0
votes

I want to ask advice about the DBSCAN clustering algorithm. I am using it on latitude & longitude matrix data from a seismic catalogue. My question is which evaluation criteria are appropriate to find the correct number of clusters produced by DBSCAN? I am working on Matlab, and I am using the GAP ('elbow') evaluation criterion with k-means, but I read that it may not be appropriate, since k-means does not work well with density based clustering. Also, the Matlab implementation of DBSCAN has two outputs, the type & class. Could someone tell me what is the class output? I think it is assigning data points to respective clusters but I am not sure. Any help would be appreciated, thank you, Dennis

1
Please add a minimal reproducible example so we can take a look and try to help you. - Adriaan
This looks like a question for academic work, for such general questions it's better to ask your supervisor/coworkers who've used this algorithm before for help and information. - Adriaan
To be honest I do not know if I can do that. My code seems to be working but for the time being is a mess and rather long.

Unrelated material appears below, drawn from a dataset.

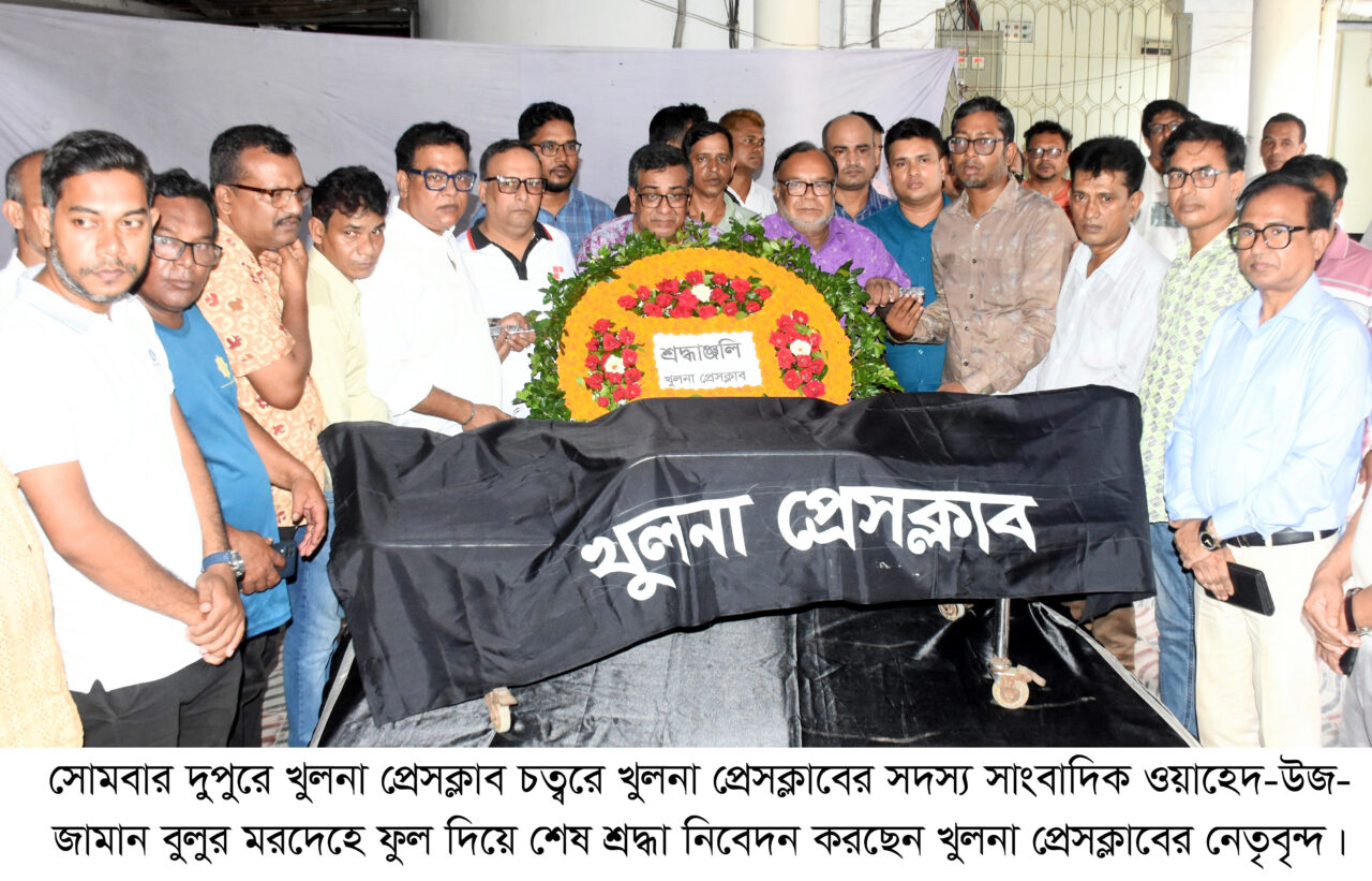 খুলনা প্রেসক্লাবের স্থায়ী সদস্য ও সংবাদ প্রতিদিন পত্রিকার খুলনা ব্যুরো প্রধান ওয়াহেদ-উজ-জামান বুলুর মরদেহে পুষ্পমাল্য অর্পণ করে শেষ শ্রদ্ধা নিবেদন করা হয়েছে।

However, as soon as I finish the background studying I will ask more focused questions. Thank you. - Dennis M

1 Answers

0
votes

Most validation methods do not work with noise (i.e. DBSCAN).

You should try

Moulavi, D., Jaskowiak, P. A., Campello, R. J. G. B., Zimek, A., & Sander, J. (2014). Density-based clustering validation. In Proceedings of the 14th SIAM International Conference on Data Mining (SDM), Philadelphia, PA.

which is the only approach that I am aware of that is designed for density-based clusters. I have not yet tried it though, I prefer manual evaluation.

Instead of DBSCAN, also try OPTICS, and HDBSCAN*.